There are a huge number of ways that we can "Catch and Store Energy". For example, we all need food energy to live and the food we eat is a way to store the solar energy in a form that we can use. So the imperative to "catch and store energy" can simply mean grow some food while the weather is favorable to growing it. We need to collect food during times when food is abundant so that we can store and use it when we need it. The seeds produced by our plants are another form of energy (i.e., reproductive energy) that we should store so that we can continue to grow food.
The advice to "make hay while the sun shines" captures the essence of this principle.
The basis for our real wealth lies in our ability to catch and store energy. The income we derive often comes from the release of value from
the energy storages we have built up.
We must all interpret the imperative to "Catch and Store Energy" in our own way because we must all decide what energies we want to catch and store.

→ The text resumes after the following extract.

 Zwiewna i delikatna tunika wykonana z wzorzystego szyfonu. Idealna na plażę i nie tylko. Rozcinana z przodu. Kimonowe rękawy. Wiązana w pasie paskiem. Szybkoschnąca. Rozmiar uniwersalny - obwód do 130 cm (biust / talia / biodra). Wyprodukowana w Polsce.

Physicists offer us one viewpoint on what energy is - the capacity to do work - that is useful in deciding on what constitutes "energy". Things like solar, wind, water, geothermal and biomass are primary and derived forms of energy. The theoretical biologist Howard Odum encouraged us expand our view on energy to include the concept of embodied energy, or the amount of energy that was used to create a particular thing. That
thing could be a fish, a 2x4 piece of lumber, a cell phone, or a wind turbine. Each of these things can be evaluated with respect to how much energy was used to create that thing. The amount of money we pay for goods is often correlated with the amount of energy that was used to produce that good. What about things like good will, popularity, positive affect towards a brand, music? Are these energies?

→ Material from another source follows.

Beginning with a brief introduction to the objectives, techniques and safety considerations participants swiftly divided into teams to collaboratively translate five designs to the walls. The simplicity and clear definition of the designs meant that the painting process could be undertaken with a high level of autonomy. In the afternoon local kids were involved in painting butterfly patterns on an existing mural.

The challenge of living by the principle of "catching and storing energy" is to identify the energies that you want to capture and how you will go about storing it in a high value form. In farming it is relatively easy to identify some energies worth harvesting and storing. Food, water, soil carbon, seeds, wood, hay, animals are all storages of energy and wealth for the farmer. The farmer must manage these energies wisely and create proper storages so that she can eventually obtain various yields from these storages (e.g., food, heat, income).
Anyone who practices Permaculture is familiar with a sector map. A sector map is designed to map the energies that flow around a particular point on a landscape. Common energies to map are summer sun, winter sun, summer wind, winter wind, water drainage, wildlife, noise, fire, views, traffic, and pollution. Here is an example of what a sector map looks like (source):
A sector map can be conceptualized as base map of your property with an overlay for each major type of energy that impinges on it. That overlay typically includes a depiction of how energy flows towards a particular point of interest, often your home. A common way to depict an energy is by drawing a pie shape with the skinny end of the pie facing the house. The direction and width of the rim of the pie represents where an energy is coming from and over what parts of the landscape. A sector map can be used to help you design landscapes, buildings, wind breaks and growing systems in a way that intercepts good energies and deflects bad physical energies.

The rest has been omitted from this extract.